** Opening Supplied information block **
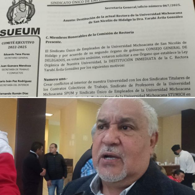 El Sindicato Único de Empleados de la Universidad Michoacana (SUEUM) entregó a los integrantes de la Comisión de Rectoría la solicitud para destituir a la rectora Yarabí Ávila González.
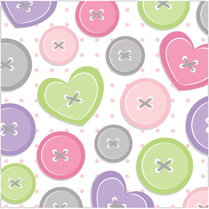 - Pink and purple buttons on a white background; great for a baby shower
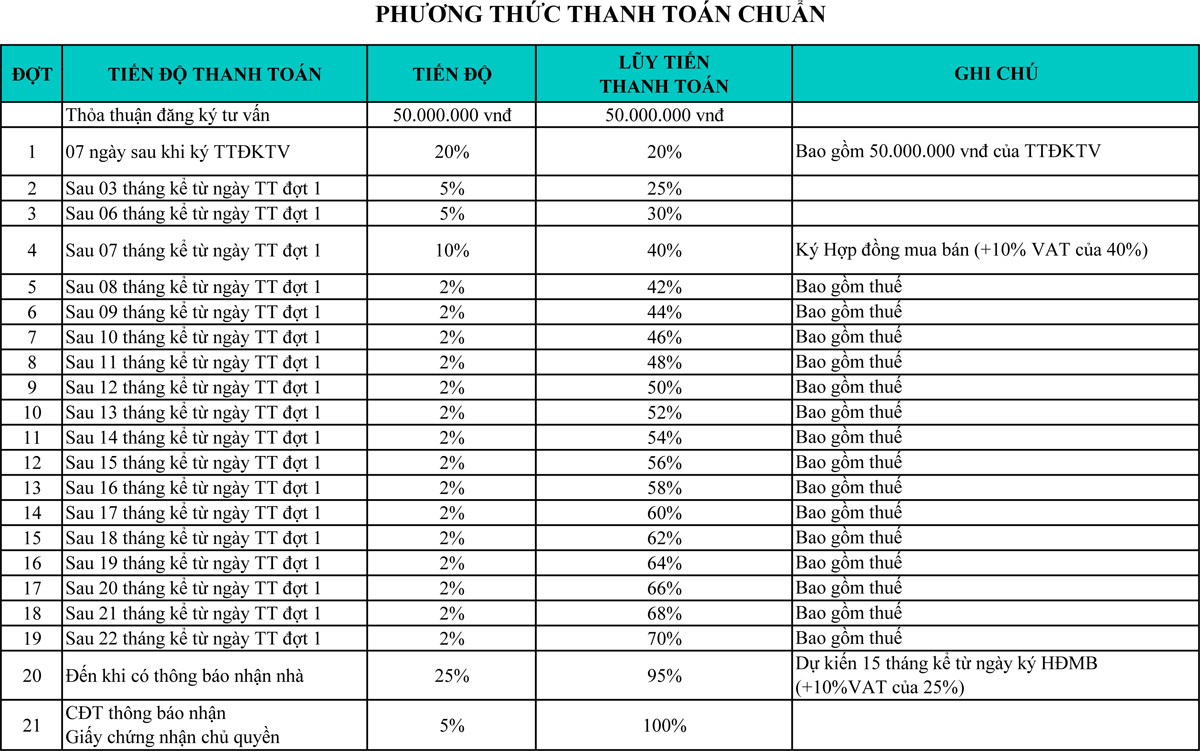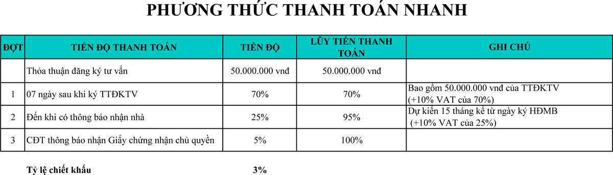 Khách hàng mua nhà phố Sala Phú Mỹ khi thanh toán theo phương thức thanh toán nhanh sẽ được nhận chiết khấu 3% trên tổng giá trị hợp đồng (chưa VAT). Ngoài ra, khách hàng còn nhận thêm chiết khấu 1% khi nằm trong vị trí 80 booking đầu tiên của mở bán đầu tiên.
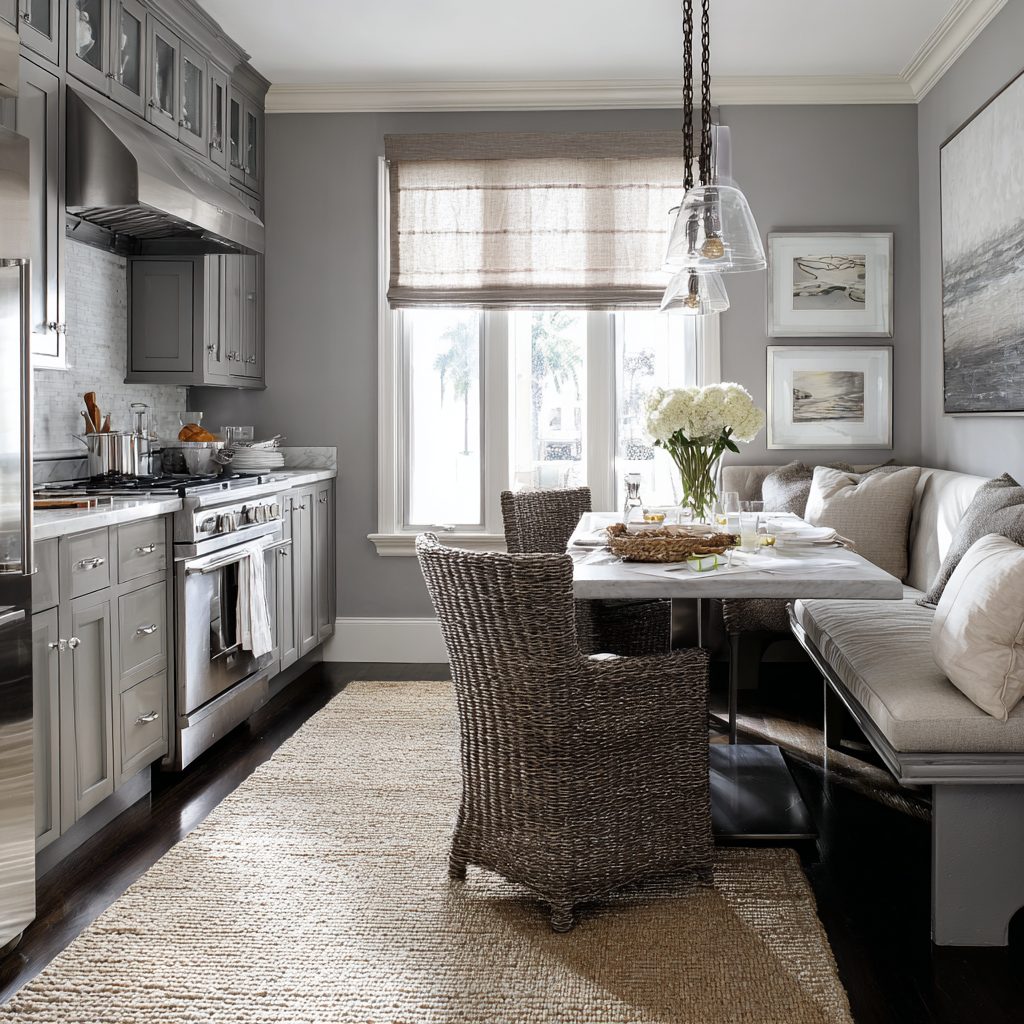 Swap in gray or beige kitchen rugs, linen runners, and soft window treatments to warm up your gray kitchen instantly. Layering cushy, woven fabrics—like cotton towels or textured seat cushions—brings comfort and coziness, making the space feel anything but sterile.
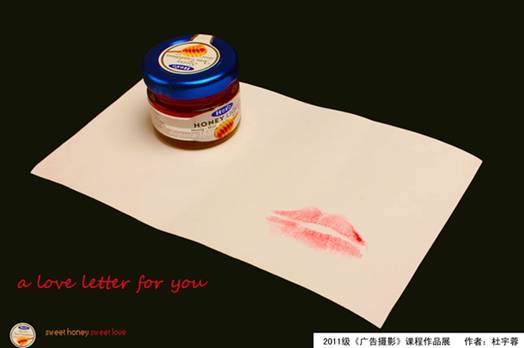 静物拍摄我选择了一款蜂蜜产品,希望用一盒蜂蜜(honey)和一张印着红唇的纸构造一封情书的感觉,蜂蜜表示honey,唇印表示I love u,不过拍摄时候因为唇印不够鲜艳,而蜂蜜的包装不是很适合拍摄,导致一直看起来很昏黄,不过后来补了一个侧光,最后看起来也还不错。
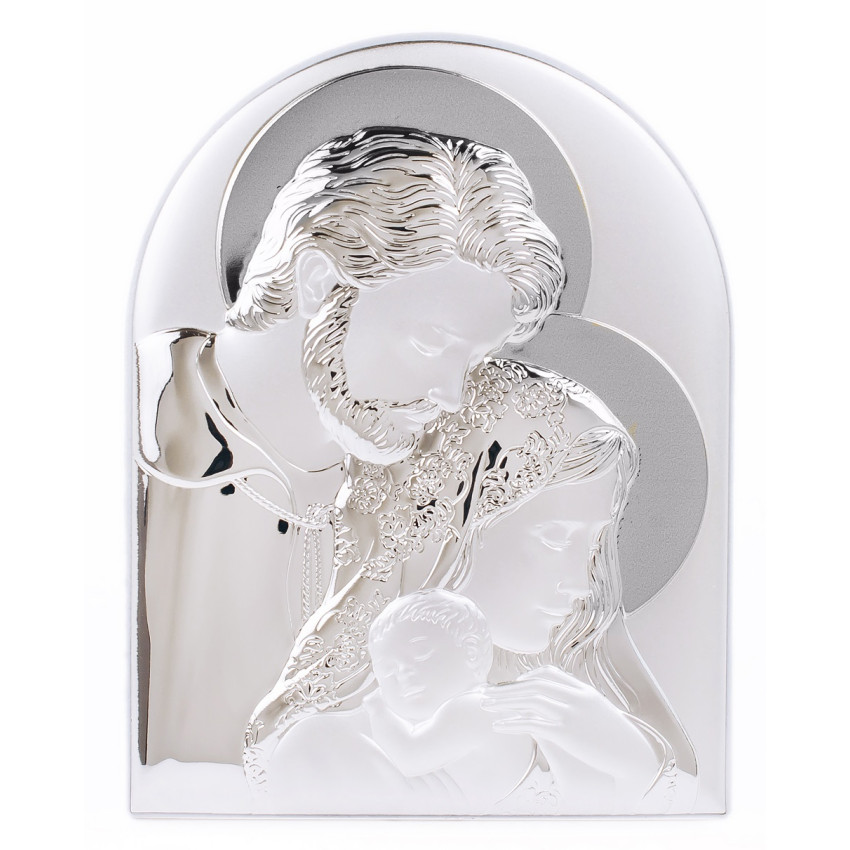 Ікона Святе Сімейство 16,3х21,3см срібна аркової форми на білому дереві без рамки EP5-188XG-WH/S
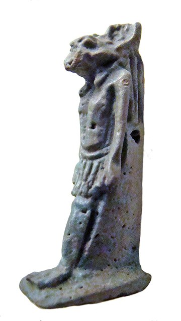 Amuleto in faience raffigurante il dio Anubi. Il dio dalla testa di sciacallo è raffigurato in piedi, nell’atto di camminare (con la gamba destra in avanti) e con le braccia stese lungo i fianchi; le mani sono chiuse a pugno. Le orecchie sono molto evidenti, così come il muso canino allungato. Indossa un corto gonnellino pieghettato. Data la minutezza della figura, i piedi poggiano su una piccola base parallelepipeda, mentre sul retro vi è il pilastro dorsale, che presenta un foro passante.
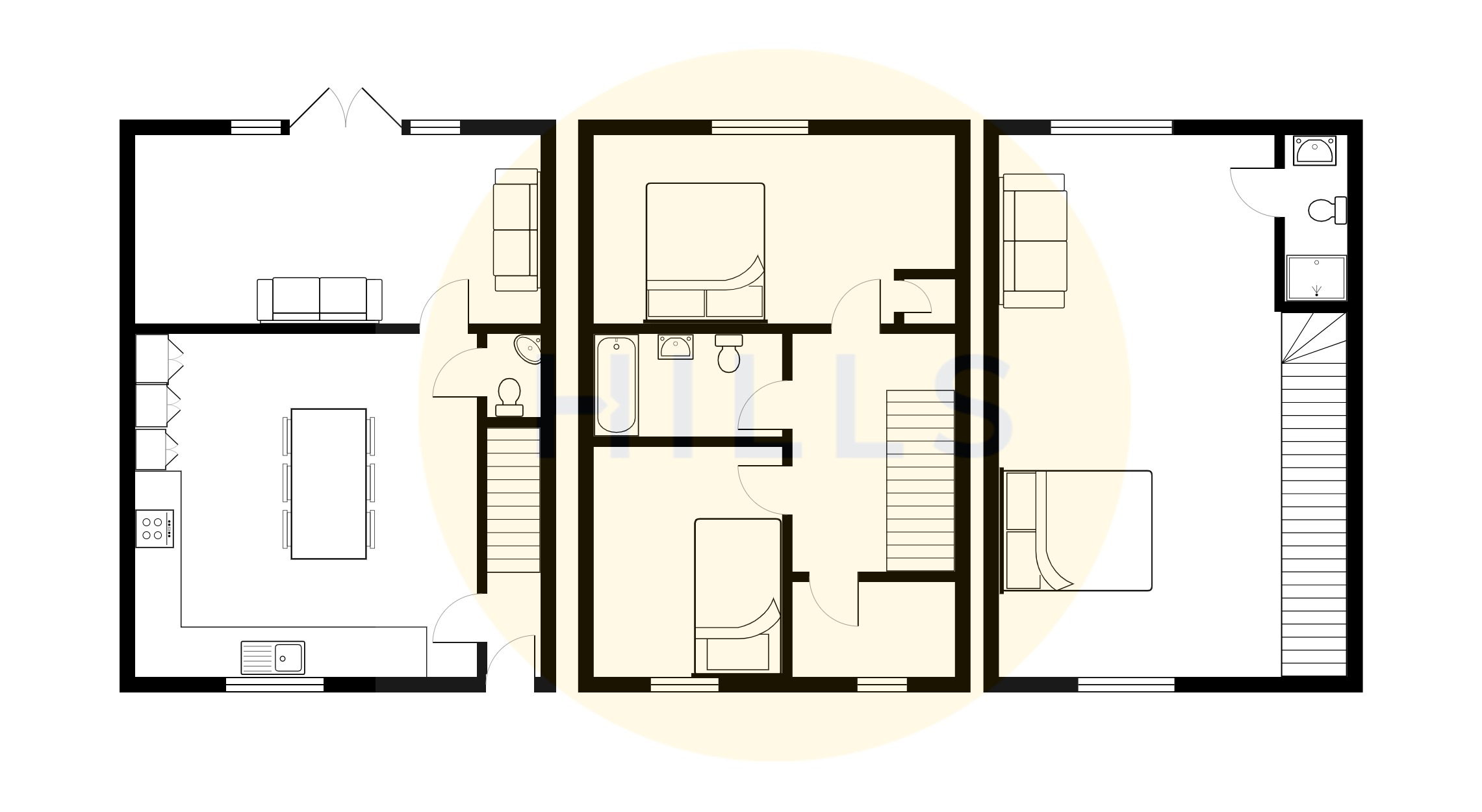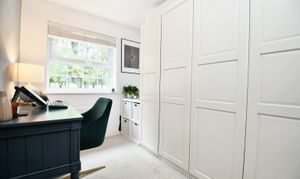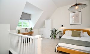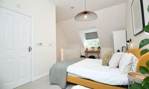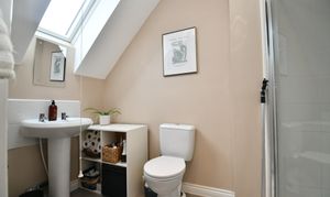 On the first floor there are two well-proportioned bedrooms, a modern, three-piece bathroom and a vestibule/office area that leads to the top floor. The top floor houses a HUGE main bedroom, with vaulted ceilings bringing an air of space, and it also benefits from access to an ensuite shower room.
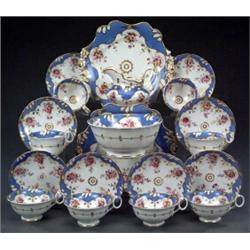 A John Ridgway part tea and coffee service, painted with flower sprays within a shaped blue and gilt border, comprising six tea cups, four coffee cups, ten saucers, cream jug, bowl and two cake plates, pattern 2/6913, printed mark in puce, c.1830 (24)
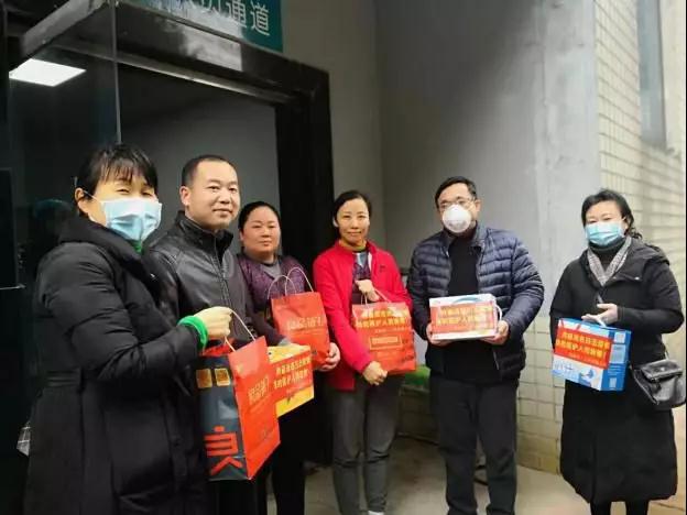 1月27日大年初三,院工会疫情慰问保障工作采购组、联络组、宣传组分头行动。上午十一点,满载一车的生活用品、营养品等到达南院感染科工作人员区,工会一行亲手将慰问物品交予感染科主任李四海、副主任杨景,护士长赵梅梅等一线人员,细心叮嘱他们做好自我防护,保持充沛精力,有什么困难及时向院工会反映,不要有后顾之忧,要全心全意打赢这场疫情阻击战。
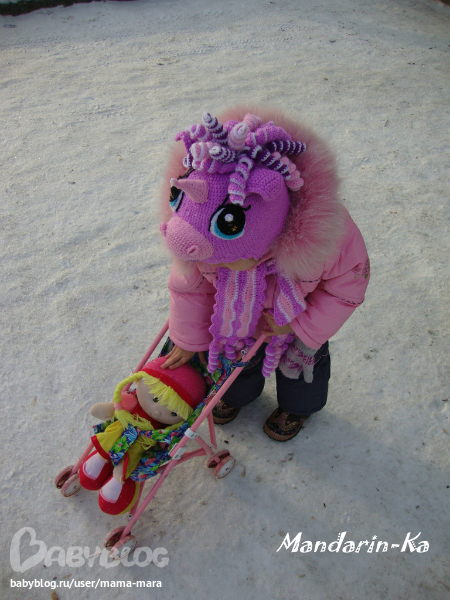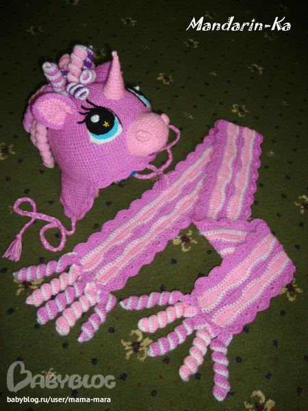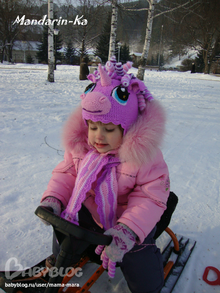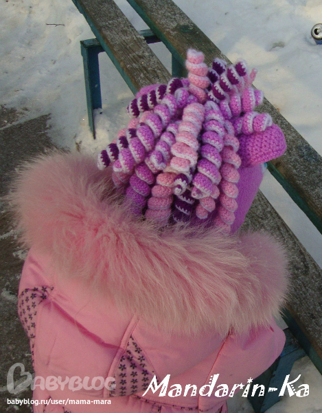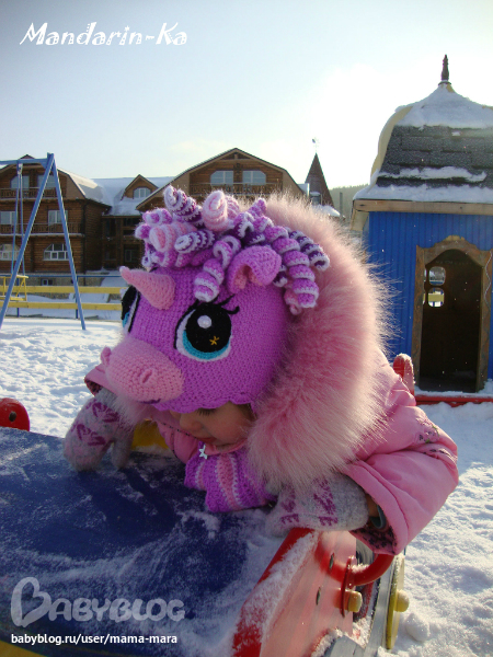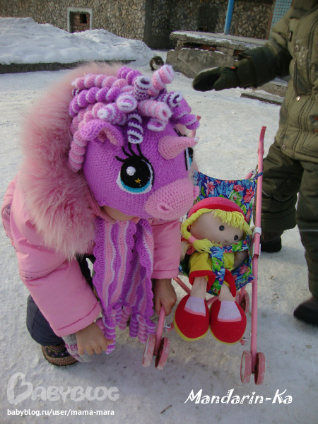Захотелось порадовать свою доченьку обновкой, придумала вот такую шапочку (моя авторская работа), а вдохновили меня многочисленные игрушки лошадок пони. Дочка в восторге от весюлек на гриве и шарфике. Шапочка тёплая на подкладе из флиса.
** Closing Supplied information block **
* **What you will do**: Take the entries above and set them down exactly, minus the pictures.

* **Result**:
 El Sindicato Único de Empleados de la Universidad Michoacana (SUEUM) entregó a los integrantes de la Comisión de Rectoría la solicitud para destituir a la rectora Yarabí Ávila González.
 - Pink and purple buttons on a white background; great for a baby shower
 Khách hàng mua nhà phố Sala Phú Mỹ khi thanh toán theo phương thức thanh toán nhanh sẽ được nhận chiết khấu 3% trên tổng giá trị hợp đồng (chưa VAT). Ngoài ra, khách hàng còn nhận thêm chiết khấu 1% khi nằm trong vị trí 80 booking đầu tiên của mở bán đầu tiên.
 Swap in gray or beige kitchen rugs, linen runners, and soft window treatments to warm up your gray kitchen instantly. Layering cushy, woven fabrics—like cotton towels or textured seat cushions—brings comfort and coziness, making the space feel anything but sterile.
 静物拍摄我选择了一款蜂蜜产品,希望用一盒蜂蜜(honey)和一张印着红唇的纸构造一封情书的感觉,蜂蜜表示honey,唇印表示I love u,不过拍摄时候因为唇印不够鲜艳,而蜂蜜的包装不是很适合拍摄,导致一直看起来很昏黄,不过后来补了一个侧光,最后看起来也还不错。
 Ікона Святе Сімейство 16,3х21,3см срібна аркової форми на білому дереві без рамки EP5-188XG-WH/S
 Amuleto in faience raffigurante il dio Anubi. Il dio dalla testa di sciacallo è raffigurato in piedi, nell’atto di camminare (con la gamba destra in avanti) e con le braccia stese lungo i fianchi; le mani sono chiuse a pugno. Le orecchie sono molto evidenti, così come il muso canino allungato. Indossa un corto gonnellino pieghettato. Data la minutezza della figura, i piedi poggiano su una piccola base parallelepipeda, mentre sul retro vi è il pilastro dorsale, che presenta un foro passante.
 On the first floor there are two well-proportioned bedrooms, a modern, three-piece bathroom and a vestibule/office area that leads to the top floor. The top floor houses a HUGE main bedroom, with vaulted ceilings bringing an air of space, and it also benefits from access to an ensuite shower room.
 A John Ridgway part tea and coffee service, painted with flower sprays within a shaped blue and gilt border, comprising six tea cups, four coffee cups, ten saucers, cream jug, bowl and two cake plates, pattern 2/6913, printed mark in puce, c.1830 (24)
 1月27日大年初三,院工会疫情慰问保障工作采购组、联络组、宣传组分头行动。上午十一点,满载一车的生活用品、营养品等到达南院感染科工作人员区,工会一行亲手将慰问物品交予感染科主任李四海、副主任杨景,护士长赵梅梅等一线人员,细心叮嘱他们做好自我防护,保持充沛精力,有什么困难及时向院工会反映,不要有后顾之忧,要全心全意打赢这场疫情阻击战。
Захотелось порадовать свою доченьку обновкой, придумала вот такую шапочку (моя авторская работа), а вдохновили меня многочисленные игрушки лошадок пони. Дочка в восторге от весюлек на гриве и шарфике. Шапочка тёплая на подкладе из флиса.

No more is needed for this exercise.